Sue Bradford's well-attended talk on the concept of a left wing think tank in NZ has provoked considerable discussion among attendees. Below is a considered response by Geoff Fischer in which he questions whether an institution of the general form discussed by Sue would necessarily represent a solution to any of the Left's problems. 

Sue Bradford, has been part of many of the left-wing political parties which have come and gone (or stayed as the case may be) in New Zealand over the past forty years. In each case she has left disillusioned and her disillusion has been attributed at least in part to the fact that her fellow left-wingers have shyed away from serious thinking on the issues that matter. Her proposed solution is a "left-wing think tank" which appears to be something akin to a political party consisting of professional thinkers without any direct connection to the mass of the public, or any involvement in political processes.

Whether the think tank proposal is designed to provide a last line of defence and a citadel from which the left may re-emerge armed with new thinking with which to engage the forces of the right on more equal terms, or whether to provide a comfortable refuge for those old warriors of the left who have been defeated in the political arena, might be a subject of contention, but most of us would opt for the former view.

Despite that, there will be obstacles in the path of such an initiative.

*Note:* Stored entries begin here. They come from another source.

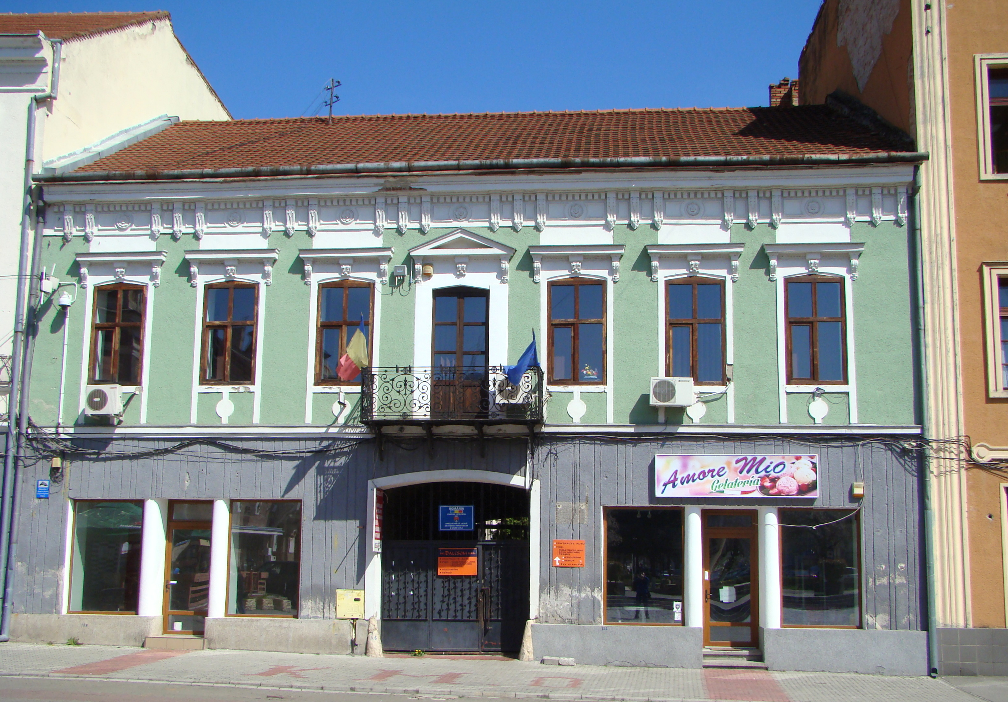 Former Dacia Bank in Deva, Hunedoara county, Romania
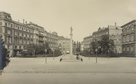 Dantes Plads in Copenahgen, Denmark
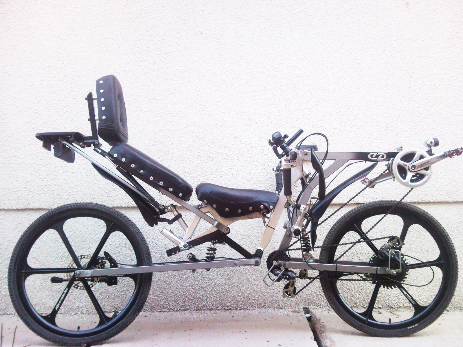 FWD (Front wheel driven) recumbent bicycle «Android» (front fork: 45°)
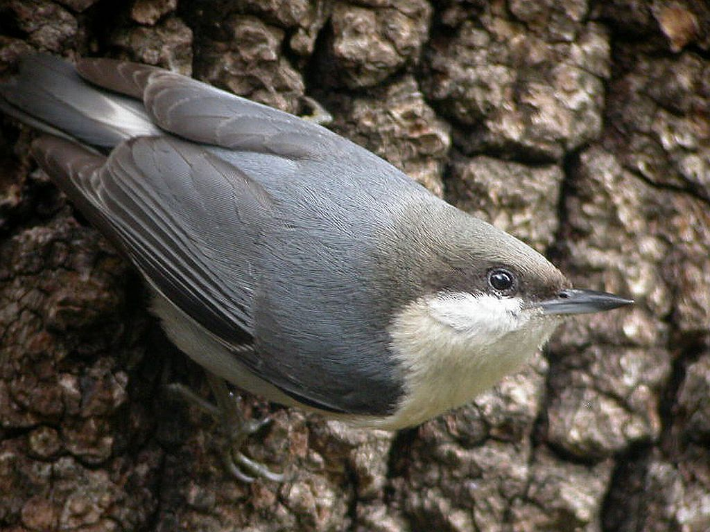 Pygmy Nuthatch (Sitta pygmaea) that perched for several minutes on a tree in a back yard, Mill Valley, California. Photo.
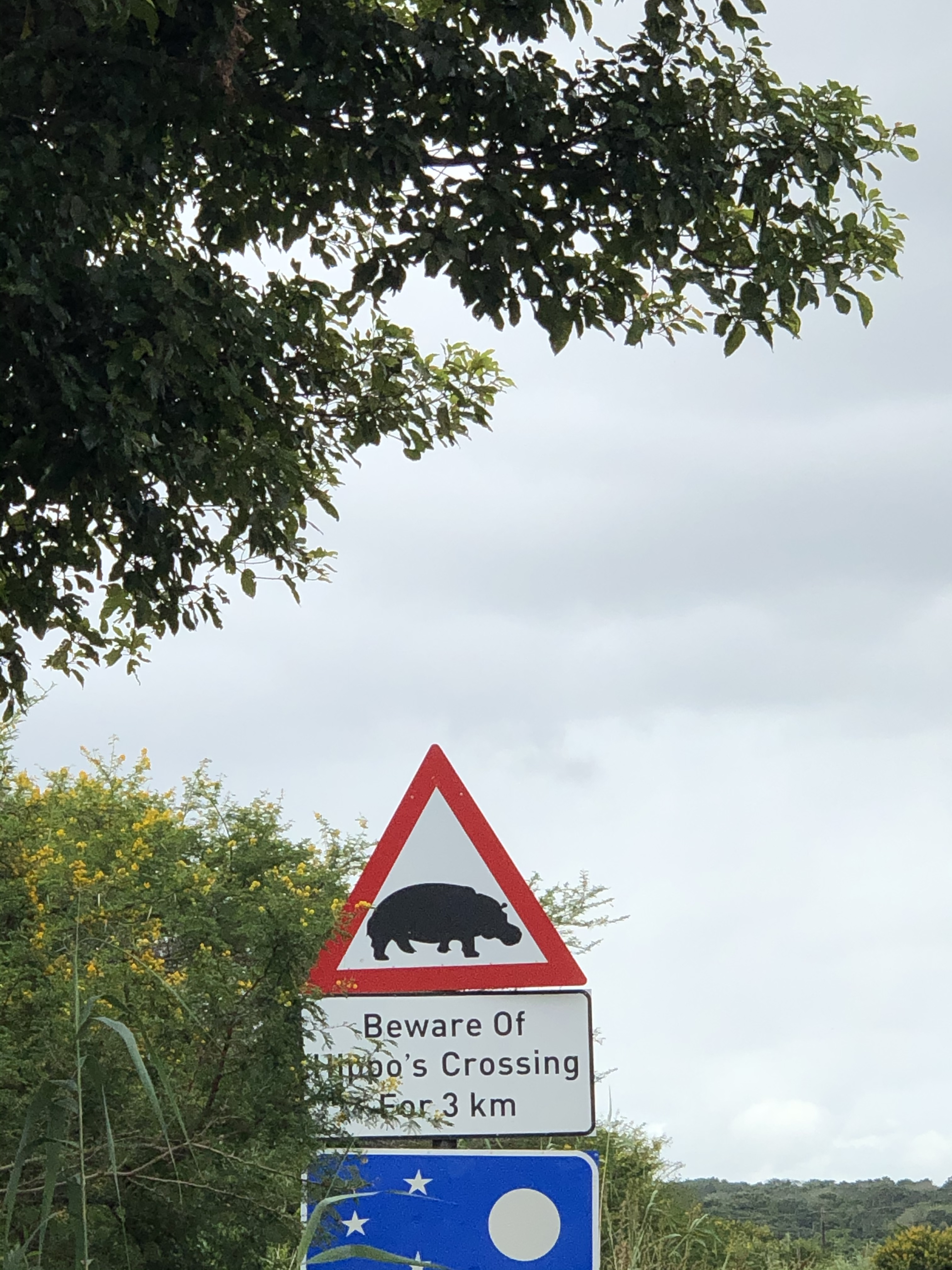 This is an image with the theme "Africa on the Move or Transport" from: South Africa
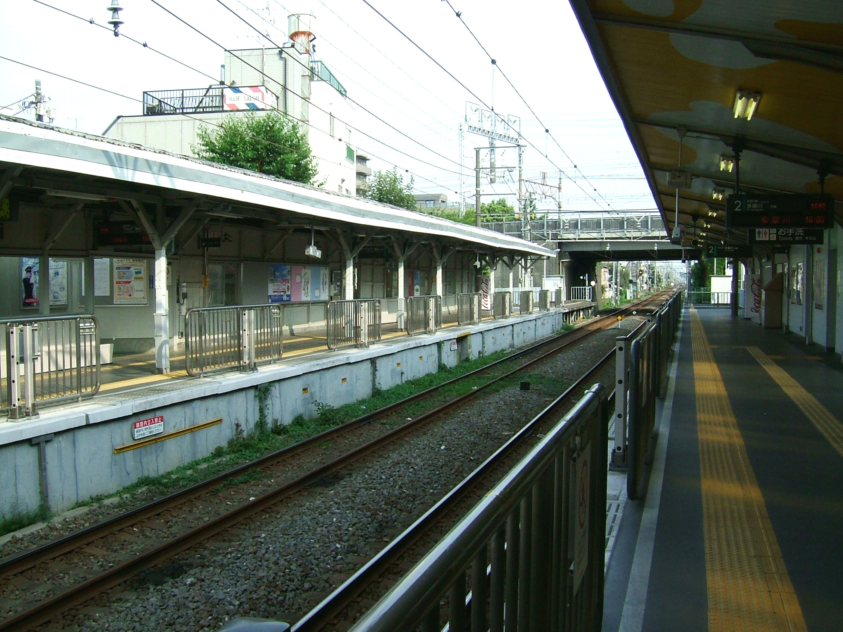 Numabe Station platform (Tōkyū Tamagawa Line)
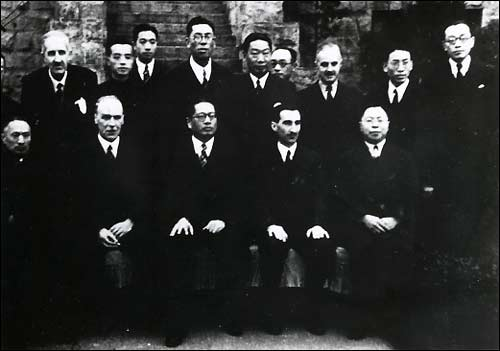 On Jan. 11, 1943, the Sino-British Treaty for the Relinquishment of Extra-Territorial Rights in China is signed. This is the deputies of China and British. Front row from left: Wellington Koo, Horace James Seymour, T. V. Soong, Hugh Edward Richardson, Wu Guozhen.
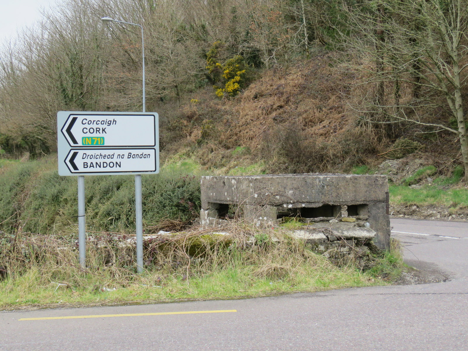 Pill box bunker on the old Cork to Bandon Road
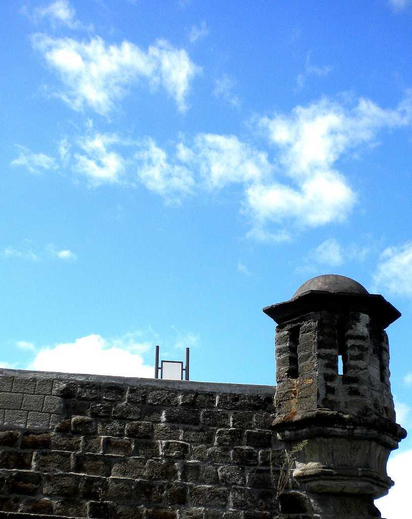 Fort Queen Louise: it was designed and built in 1794 by the Captain of the Royal Engineers don Manuel Olaguer Feliú.
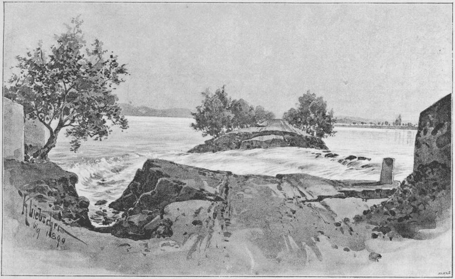 Flood damage on a road between Zbraslav and Malá Chuchle (present-day suburbs of Prague, Czech Republic) in September 1890.
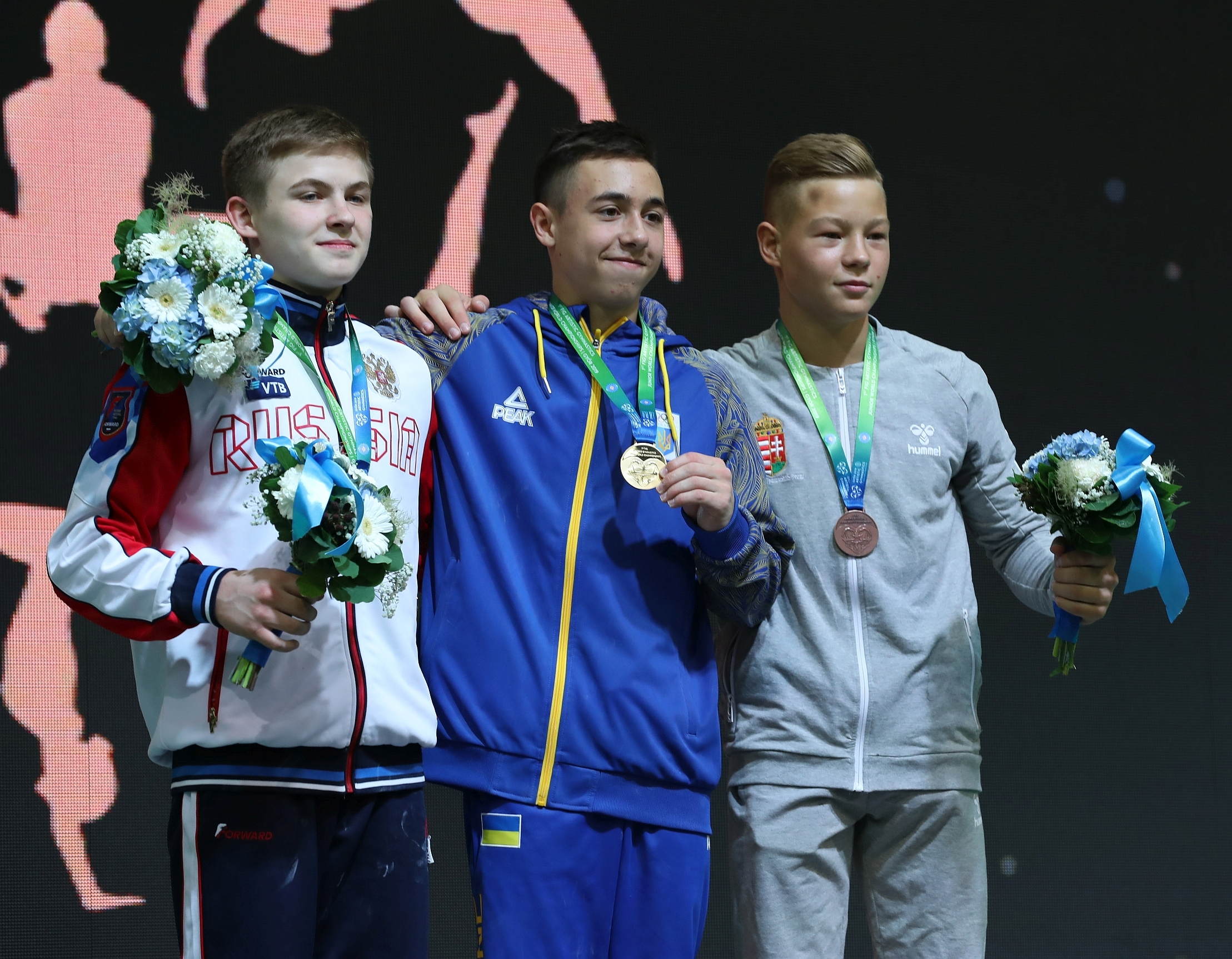 Horizontal bar victory ceremony during the boys' apparatus finals at the 1st FIG Artistic Gymnastics Junior World Championships on 30 June 2019 in Győr, Hungary. Depicted: Ivan Gerget. Krisztián Balázs. Nazar Chepurnyi.
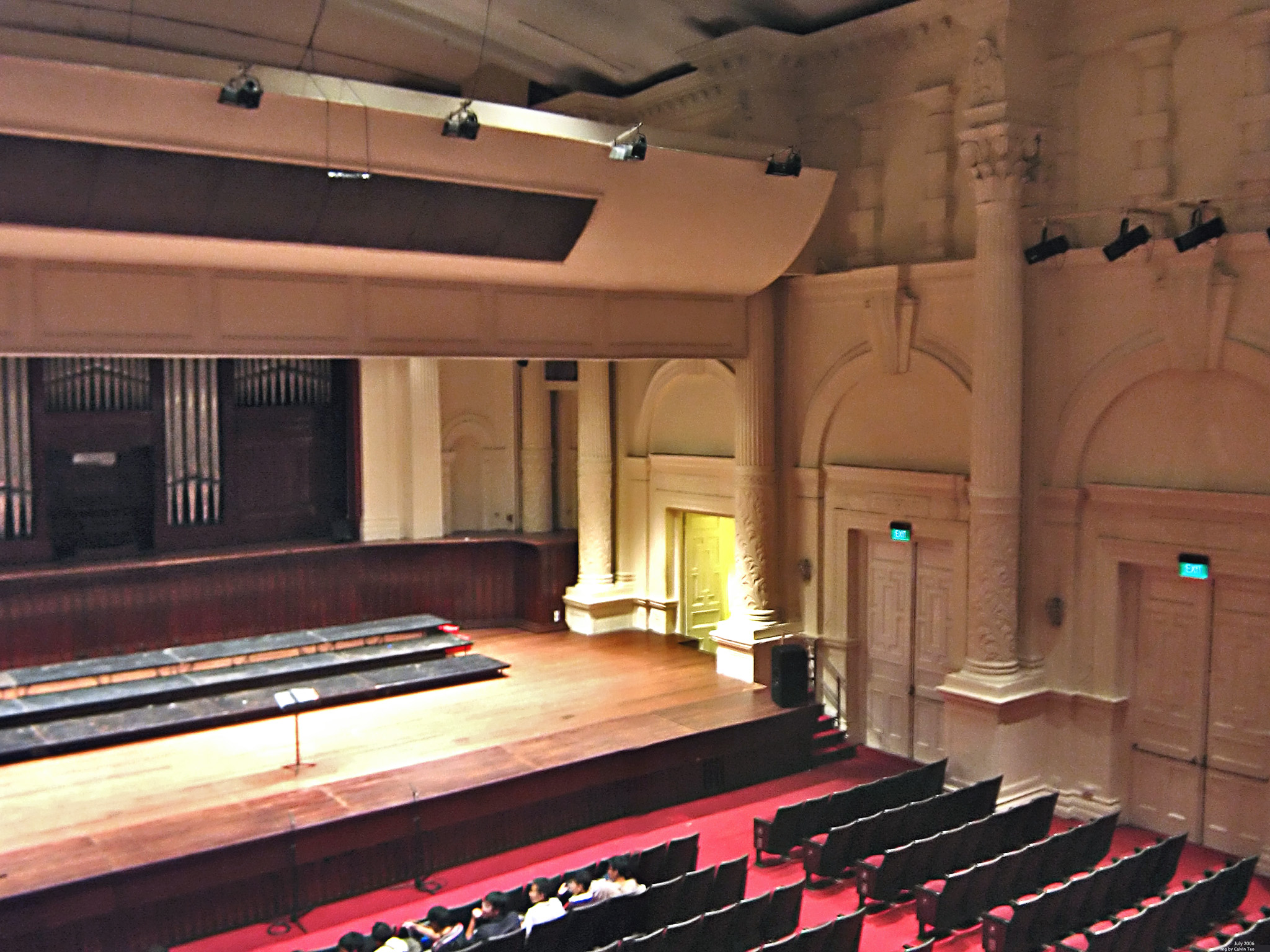 The interior of Victoria Concert Hall, viewed from the Circle Seats.

Even if the funds can be found to launch and sustain the left-wing think tank project, the essential element of "thought" may be lacking. If the left is incapable of profound thought in its many and various existing parties and associations, why would things be any different when a selection of those same individuals who presently make up the left are assembled under the banner of a "think tank"? Would the name itself make the difference? Would the selective nature of its membership make a difference? I suspect that neither would be the case. If the left is not capable of creating a coherent, cohesive and astute political movement or party, why should we expect it to be able to establish a think tank which would be all those things?


It is as well to remember that the right wing and centrist think tanks exist in an environment where there are large, well organised right-wing and centrist political parties. These think tanks have grown out of the political success of the right-wing, and not out of failure, and their elitist structure is wholly consistent with the fundamental political tenets of the right. It is wrong to assume that in a quite different environment, and for quite different reasons, a left-wing think tank could enjoy a comparable level of success.

Sue suggests that the left too often engages in mindless activism, and that the need is for "thinking". She is indulging in hyperbole of course. Left wing activists do think. They just don't think critically enough and often enough. They don't seriously question their own assumptions, strategies and objectives, they don't objectively review the realities of the world and, crucially, most fail to seriously engage with those who among their number who do attempt to think critically. 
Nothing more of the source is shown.